[What is expected]
Set down exactly the lines below, starting at the one that contains "高齢者のほか、障がい者及び病" and ending at the one that contains "These bracelets are", with both of those lines included and nothing else.

[The data]
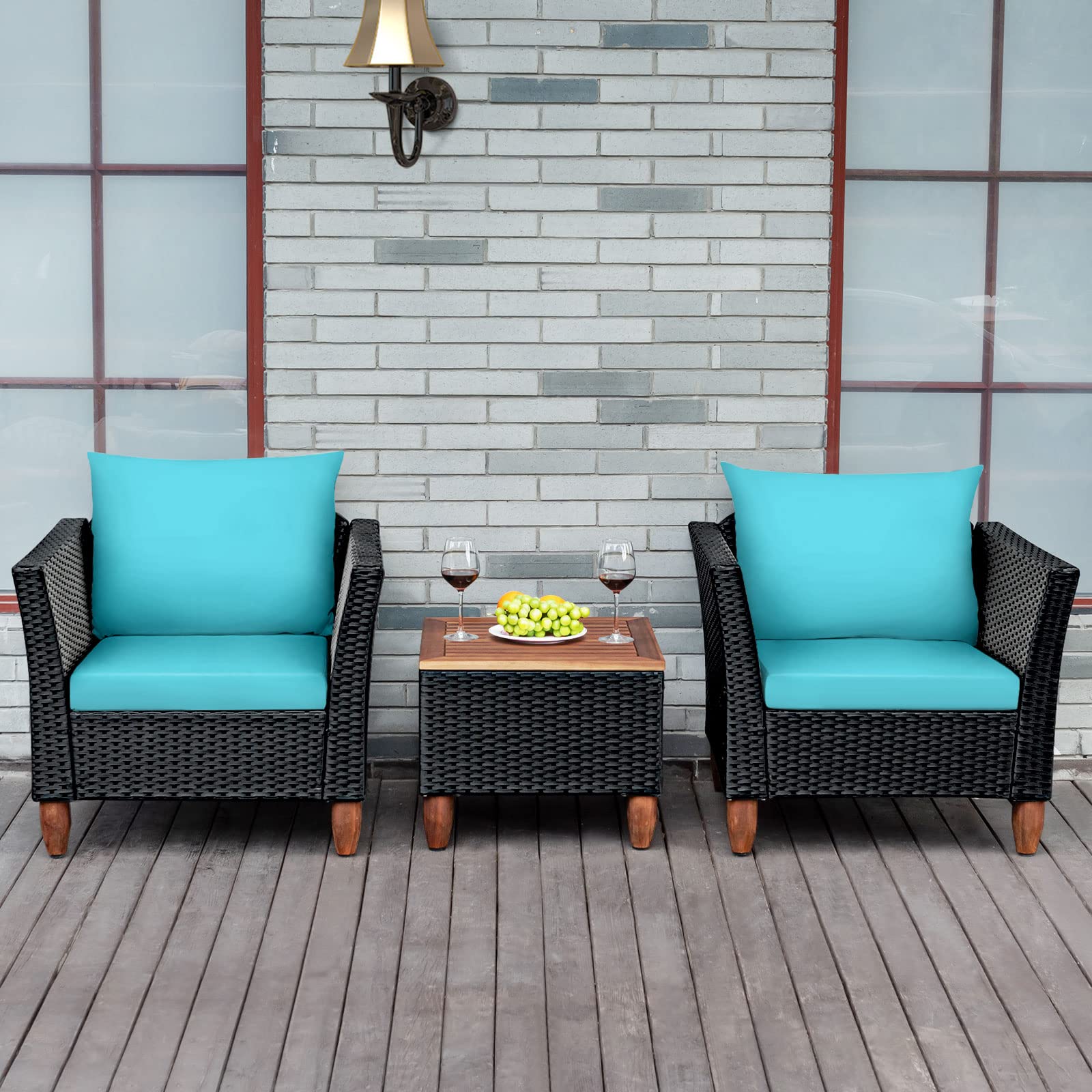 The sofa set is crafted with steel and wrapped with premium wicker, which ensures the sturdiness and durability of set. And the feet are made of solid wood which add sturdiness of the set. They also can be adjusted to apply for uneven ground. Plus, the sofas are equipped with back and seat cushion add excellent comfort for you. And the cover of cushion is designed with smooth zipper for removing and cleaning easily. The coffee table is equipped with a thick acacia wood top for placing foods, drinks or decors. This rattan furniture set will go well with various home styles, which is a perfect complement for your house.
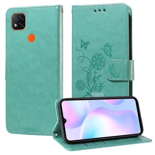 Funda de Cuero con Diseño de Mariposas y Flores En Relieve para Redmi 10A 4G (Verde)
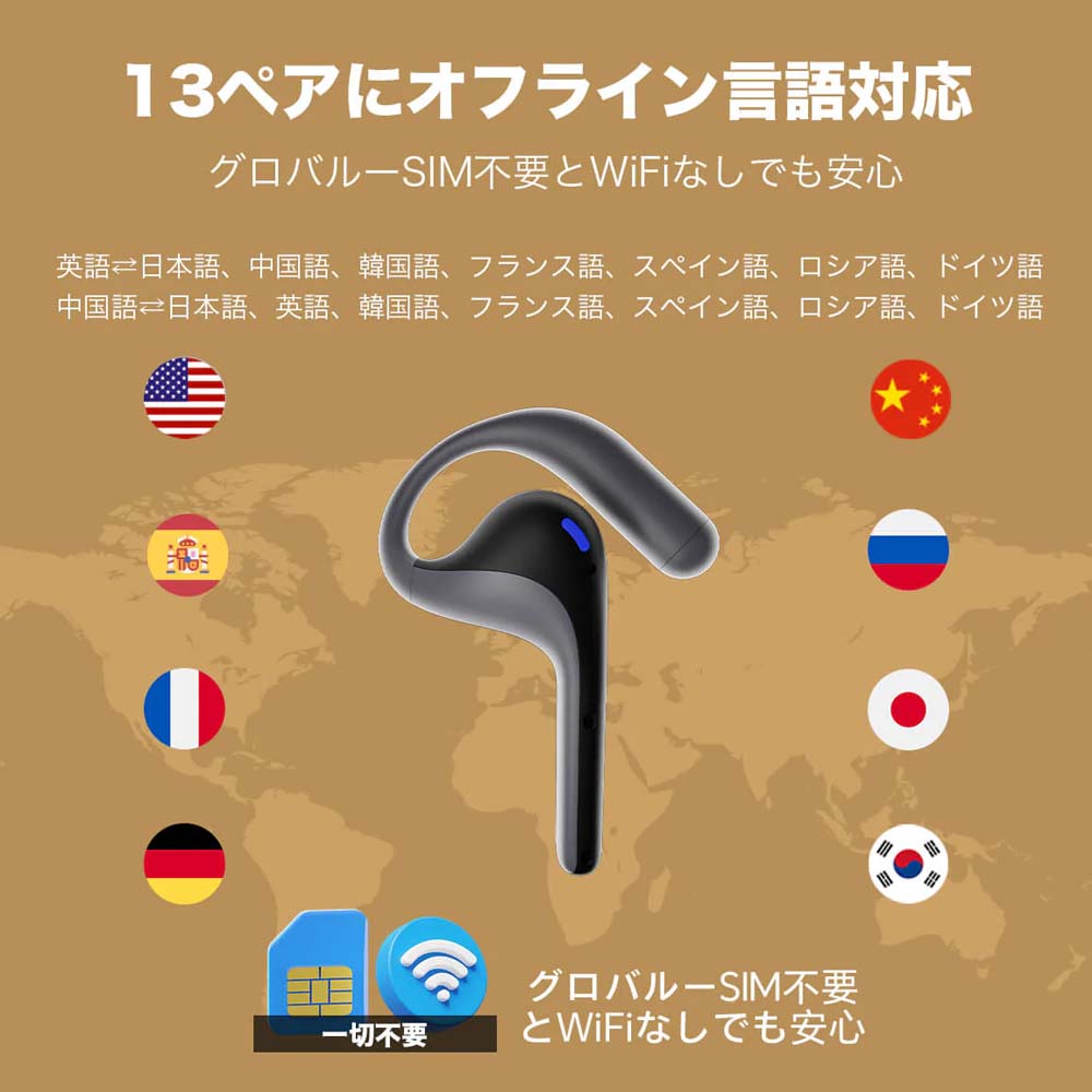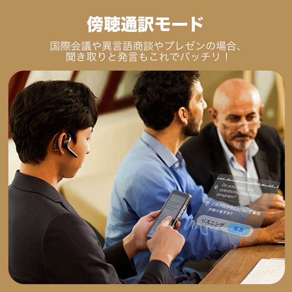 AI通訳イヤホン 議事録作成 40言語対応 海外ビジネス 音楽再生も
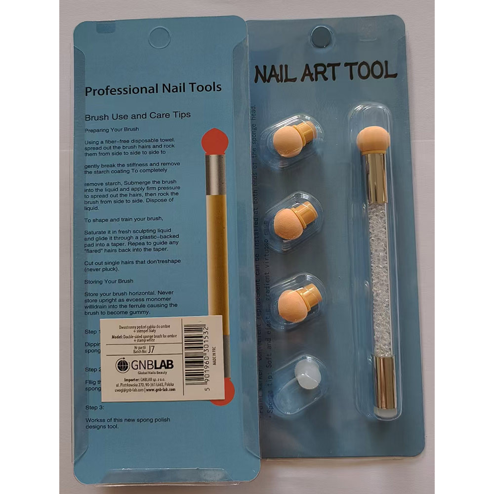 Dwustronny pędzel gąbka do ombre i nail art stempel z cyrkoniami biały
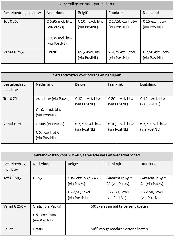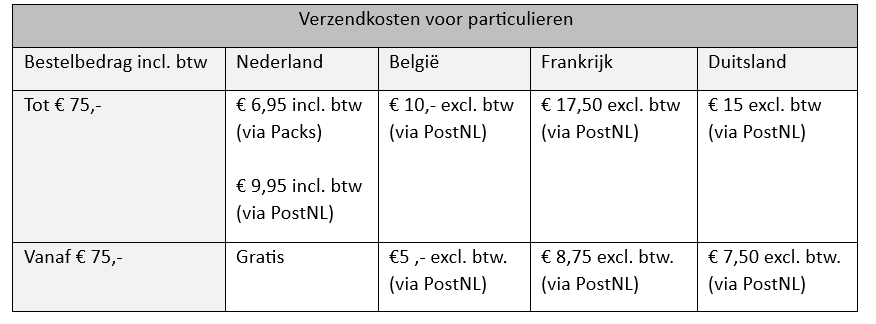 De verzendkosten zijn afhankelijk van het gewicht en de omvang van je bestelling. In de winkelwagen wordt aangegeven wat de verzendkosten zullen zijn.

---

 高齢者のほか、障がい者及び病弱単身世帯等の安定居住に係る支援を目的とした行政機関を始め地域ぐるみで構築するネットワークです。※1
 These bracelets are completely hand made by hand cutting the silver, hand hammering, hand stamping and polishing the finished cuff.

---

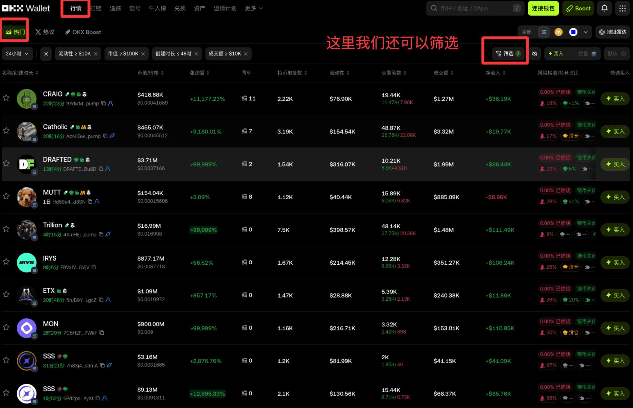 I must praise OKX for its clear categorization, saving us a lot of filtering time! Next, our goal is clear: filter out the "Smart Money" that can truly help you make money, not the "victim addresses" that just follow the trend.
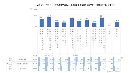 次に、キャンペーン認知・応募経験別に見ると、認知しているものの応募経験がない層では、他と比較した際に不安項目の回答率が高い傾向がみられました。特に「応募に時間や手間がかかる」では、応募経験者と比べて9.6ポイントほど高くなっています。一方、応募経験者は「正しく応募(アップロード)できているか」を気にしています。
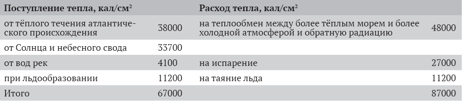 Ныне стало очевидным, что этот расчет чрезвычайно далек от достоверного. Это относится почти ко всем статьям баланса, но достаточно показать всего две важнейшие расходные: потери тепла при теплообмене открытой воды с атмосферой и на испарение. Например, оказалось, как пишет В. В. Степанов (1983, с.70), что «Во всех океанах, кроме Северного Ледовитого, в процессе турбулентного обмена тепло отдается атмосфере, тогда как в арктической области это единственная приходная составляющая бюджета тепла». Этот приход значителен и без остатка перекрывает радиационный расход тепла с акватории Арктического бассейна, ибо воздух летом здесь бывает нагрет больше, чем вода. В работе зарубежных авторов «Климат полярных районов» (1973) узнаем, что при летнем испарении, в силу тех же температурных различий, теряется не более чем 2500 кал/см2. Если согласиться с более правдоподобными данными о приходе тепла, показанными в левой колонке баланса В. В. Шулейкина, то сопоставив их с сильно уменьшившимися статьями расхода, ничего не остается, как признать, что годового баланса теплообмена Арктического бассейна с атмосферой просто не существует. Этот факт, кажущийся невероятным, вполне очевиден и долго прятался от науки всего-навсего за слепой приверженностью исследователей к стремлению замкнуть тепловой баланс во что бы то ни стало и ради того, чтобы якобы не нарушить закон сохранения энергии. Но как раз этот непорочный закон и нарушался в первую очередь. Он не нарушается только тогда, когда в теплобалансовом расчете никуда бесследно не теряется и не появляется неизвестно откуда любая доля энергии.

[Solution to this problem]
 高齢者のほか、障がい者及び病弱単身世帯等の安定居住に係る支援を目的とした行政機関を始め地域ぐるみで構築するネットワークです。※1
 These bracelets are completely hand made by hand cutting the silver, hand hammering, hand stamping and polishing the finished cuff.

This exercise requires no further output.